С тех пор, когда были написаны эти вещие слова, были открыты делимость и разложимость атомов, о чем свидетельствовало прежде всего явление радиоактивности, т. е. самопроизвольного распада химических элементов (а значит и их атомов). Далее физика открыла множество частиц, более мелких, нежели атомы, причем среди них 'были и структурные частицы самого атома (атомные ядра и электроны) и целая плеяда элементарных частиц, простейшие из которых (фотоны — «частицы» света — и нейтрино различных разновидностей) действительно оказались лишенными массы (в смысле отсутствия собственной массы, или массы покоя), а потому представлявшими собой только то, что Энгельс называл «отталкиванием» (как известно, он ставил знак равенства между отталкиванием и энергией). Но, разумеется, отсутствие массы покоя не означало, что эти частицы лишены материальности.
Особый интерес представляет предвидение Энгельсом электрона, которое логически вытекало из предвидения сложного строения атомов и их делимости. Вместе с тем оно касалс;ь и непосредственно всего учения об электричестве.

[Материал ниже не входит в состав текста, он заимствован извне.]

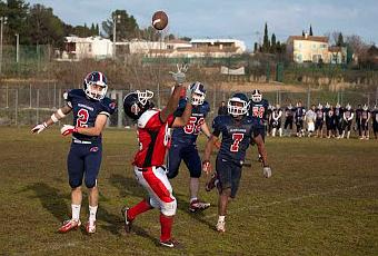 Pour ce retour de la "photo de la semaine", nous allons à Montpellier pour le championnat régional Languedoc Roussillon. Les Hurricanes B faisaient leur entrée dans la compétition et l'ont emporté 44 à 6 face aux Vypers de Béziers. C'est pourtant un Biterrois qui est mis en vedette sur ce cliché de Ghislain Guenard. Une photo prise lors de la dernière action du match et pour laquelle, je cite Ghislain, "pour le suspens je ne dirai pas si la passe a été complétée"!
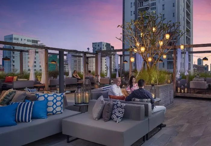 Når dagen går mot hell, kan du ta en tur innom hotellets hyggelige og stemningsfylte rooftop bar, ”Lantern Bar”. Baren har utsikt over byen. Som navnet antyder er det mange flotte lanterner og levende lys her. Kos deg med en cocktail eller et glass vin mens solen forsvinner bak høyhusene i Phnom Penh. Takterrassen lyses opp av lanternenes skjær mens musikken spiller diskret i bakgrunnen.

Сопоставляя состояние названного учения в начале 80-х годов прошлого века с состоянием химии в это же время, Энгельс констатировал состояние разброда в современном учении об электричестве, делавшее пока невозможным установление какой-нибудь всеобъемлющей теории; это, главным образом, и обусловливало господство їв этой области односторонней эмпирии.
Напротив, в химии, «благодаря дальтоновскому открытию атомных весов, мы находим порядок, относительную устойчивость однажды достигнутых результатов и систематический, почти планомерный натиск на еще не завоеванные области, сравнимый с правильной осадой какой-нибудь крепости»[1]. Так писал Энгельс, имея в виду открытие Дальтоном материального носителя химических процессов — атома как дискретной частицы материи, что определило весь последующий прогресс химической науки. И вот Энгельс предсказывает, что и в области электричества еще только предстоит сделать открытие, подобное открытию Дальтона, открытие, дающее всей науке средоточие, а исследованию — прочную основу. Должен быть найден материальный носитель электрических процессов, а учение об электричестве должно быть создано на основе такой же идеи дискретности, на какой со времени Дальтона строится химия.
[1] К. Маркс и Ф. Энгельс. Соч., т. 20, стр. 433.
Но так как атом и молекулу, а тем более частицу электричества нельзя увидеть непосредственно даже в микроскоп, то открыть их можно было только с помощью теоретического мышления. Поэтому для того чтобы вывести учение об электричестве из тупика, в который оно зашло в результате господства узкого эмпиризма, нужно было широко открыть двери для теоретического мышления, обобщающего данные экспериментального исследования, а вместе с ним — и для диалектики, с помощью которой можно было бы проникнуть в сущность уже изученных электрических явлений.
Энгельс ставит вопрос о выяснении того, «что является собственно вещественным субстратом электрического движения, что собственно за вещь вызывает своим движением электрические явления»[1].
[1] К. Маркс и Ф. Энгельс. Соч., т. 20, стр. 439.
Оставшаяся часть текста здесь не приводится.